* Activity *
Restate the listing below exactly, images excluded.

* Data excerpt *
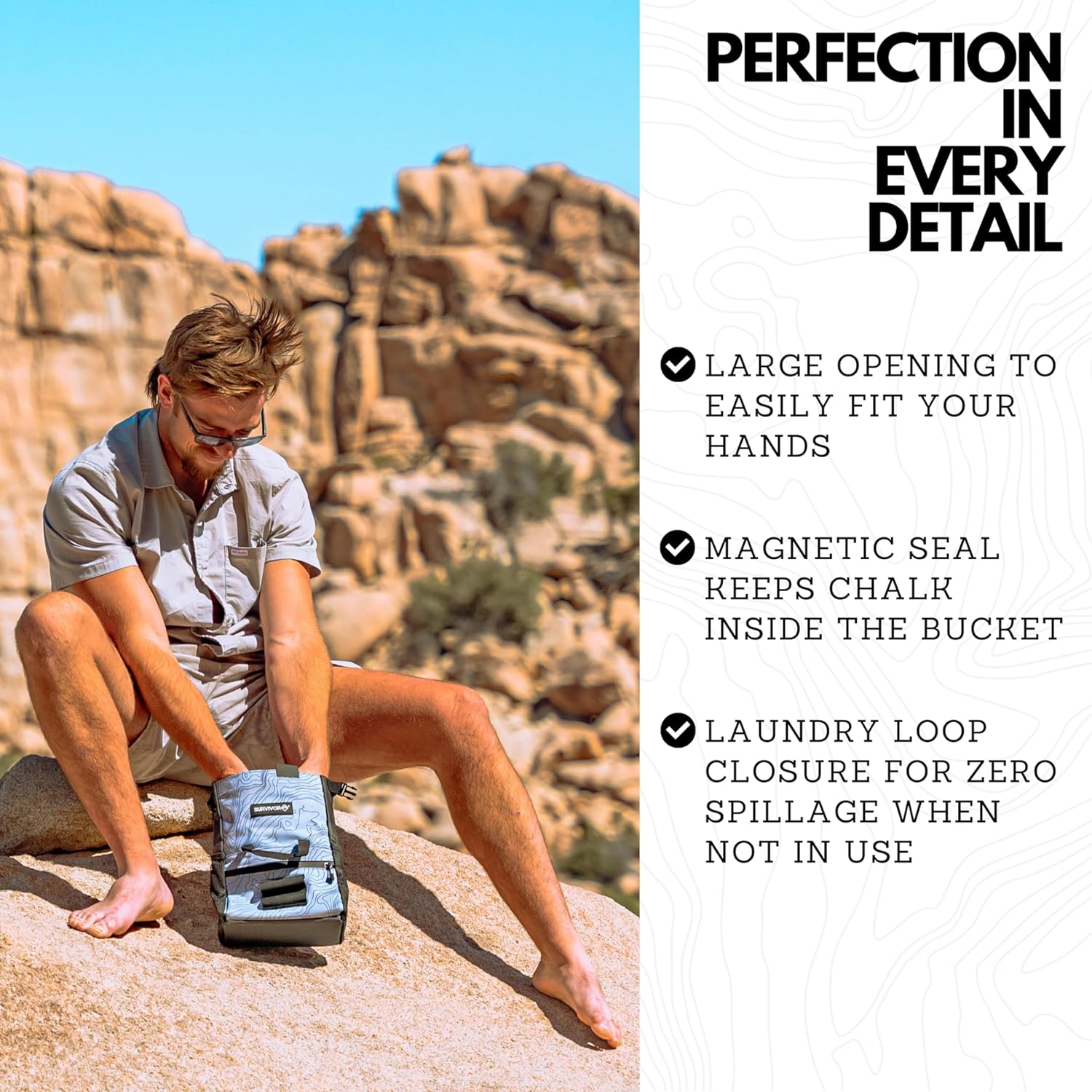 ✔️LOCK & ROLL – Our Mag-Lock and Roll Closure systems completely eliminate gym chalk leakage out of the climbing chalk bucket. Shut the bag with our magnets, roll it down, clasp it into a circle using the buckles, and get ready to pass the poof test with flying colors.
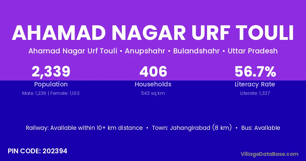 Ahamad Nagar Urf Touli village has a total population of 2,339 people, of which 1,236 are males and 1,103 are females.
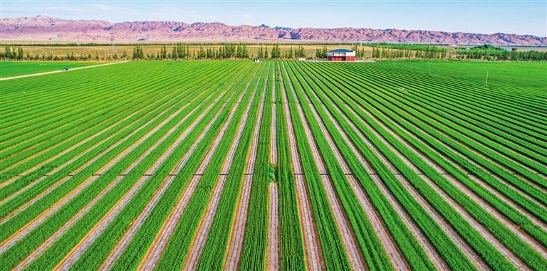 從空中俯瞰,現(xiàn)代農(nóng)業(yè)示范園區(qū)內(nèi),萬(wàn)畝大田宛如一塊綠色的巨型“畫布”。
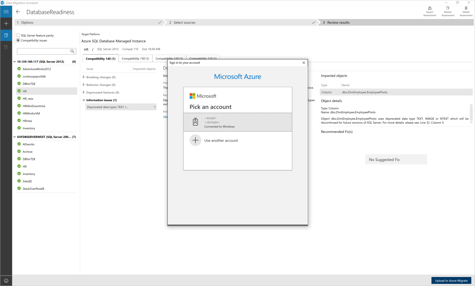 Data Migration Assistant (DMA) is retired from July 16, 2025. For migration options from SQL Server to Azure SQL, see Migration overview: From SQL Server. For more information, see Announcing retirement of Microsoft Data Migration Assistant (DMA) Tool.

* Written response *
 ✔️LOCK & ROLL – Our Mag-Lock and Roll Closure systems completely eliminate gym chalk leakage out of the climbing chalk bucket. Shut the bag with our magnets, roll it down, clasp it into a circle using the buckles, and get ready to pass the poof test with flying colors.
 Ahamad Nagar Urf Touli village has a total population of 2,339 people, of which 1,236 are males and 1,103 are females.
 從空中俯瞰,現(xiàn)代農(nóng)業(yè)示范園區(qū)內(nèi),萬(wàn)畝大田宛如一塊綠色的巨型“畫布”。
 Data Migration Assistant (DMA) is retired from July 16, 2025. For migration options from SQL Server to Azure SQL, see Migration overview: From SQL Server. For more information, see Announcing retirement of Microsoft Data Migration Assistant (DMA) Tool.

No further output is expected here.